Thursday, July 12, 2012

The Freeh Report

It's nice to see a real good scolding unfold:

Louis Freeh, who headed the Penn State investigation, has released a copy of the remarks he plans to give at a press conference at 10 a.m. today. You can read the full release online, but here are some highlights:

- “The most powerful men at Penn State failed to take any steps for 14 years to protect the children who Sandusky victimized. Messrs. Spanier, Schultz, Paterno and Curley never demonstrated, through actions or words, any concern for the safety and well-being of Sandusky’s victims until after Sandusky’s arrest.”

- “Our investigative team made independent discovery of critical 1998 and 2001 emails – the most important evidence in this investigation.”

I want to focus on Joe Paterno.

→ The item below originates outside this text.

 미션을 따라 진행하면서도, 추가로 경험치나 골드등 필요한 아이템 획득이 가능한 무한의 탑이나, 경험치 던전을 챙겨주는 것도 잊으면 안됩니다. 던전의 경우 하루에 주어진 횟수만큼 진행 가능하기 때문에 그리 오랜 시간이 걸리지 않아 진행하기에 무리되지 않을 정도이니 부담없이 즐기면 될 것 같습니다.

Here is a man who shaped and molded young men for six decades, and whose legacy has now been shattered because he valued his friend over what was moral and right. He portrayed himself as a just and moral man, and it was all a fraud. All of it.

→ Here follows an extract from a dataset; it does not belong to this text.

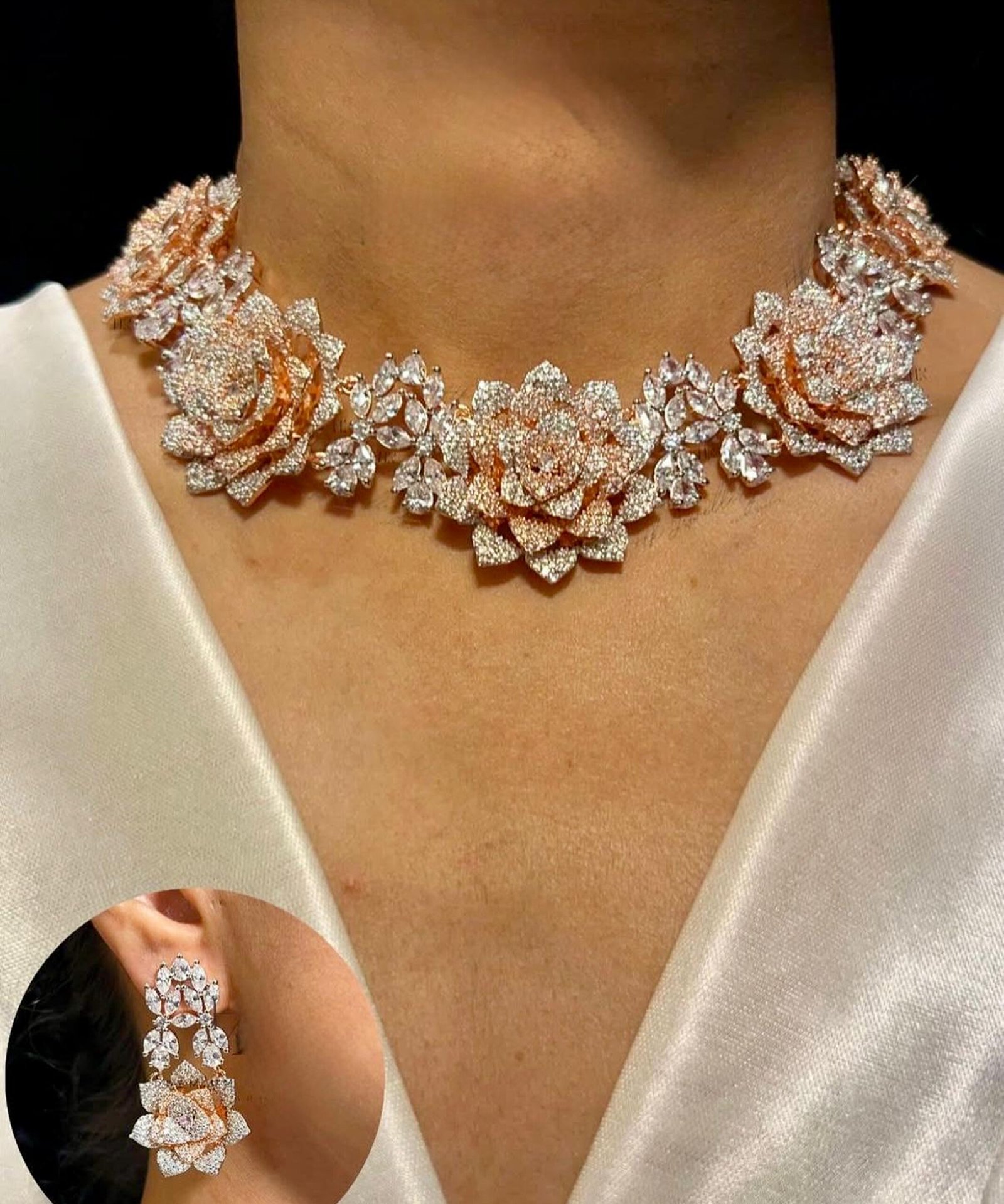 The Floret Choker Set exudes elegance. The Crystals and Pearl Drops are handcrafted to impart ultimate grace only to make heads tum every time you walk by. The Swarovski elements are carefully selected for their exceptional shapes and brilliance, exuding a sense of luxury and sophistication.

Forget Spannier, Schultz, or Curley, altho they too should be held in the deepest of contempts. Given their positions, and their first loyalty to the university, we can expect this to be a difficult choice for them, precisely because we expect them to be sleazeballs in the first place.
 
But JoePa went to great lengths to flout his sense of right: he would bench players who weren't making it academically, for instance. He rubbed the collective noses of Penn State fans and alumni in his self-righteousness. And in so doing, he harmed all of those who believed in him for what? A pedophilic creep? A college that couldn't unlock itself from fundraising long enough to hear the ticking time bomb in their midst?
 
I feel sympathy for Paterno's friends and family. They were as hoodwinked as the rest of us, but had closer ties to the whole mess and are probably wondering if there was something, anything, they could have done. They may still be in deep denial, but that's a natural reaction when someone you admire to the point of deifying him suddenly crumbles in your face. You will expend mighty efforts to defend his memory and defend his legacy.
 
Better you should defend the family name now: acknowledge the truth, and work hard to make sure the future is brighter than the past for the Paterno family. JoePa's kids, grandkids, and great-grandkids will have to suffer the degradations and shame of this, unless the family pulls its collective heads out of its ass and starts working to fix things.
 
I feel sympathy for them for that work.
 
But I grieve for the children who JoePa and his cronies discarded like so much trash. Sandusky was a sick man. He could not control himself, clearly. It was up to the adults around him to make a stand, and these cool deliberate men chose evil. They did not.
 
They deserve whatever special hell awaits them.
 
If you are an adult male who suffered sexual abuse as a boy, I urge you to visit this site. You are not alone. There's 1 in 6 of us out there.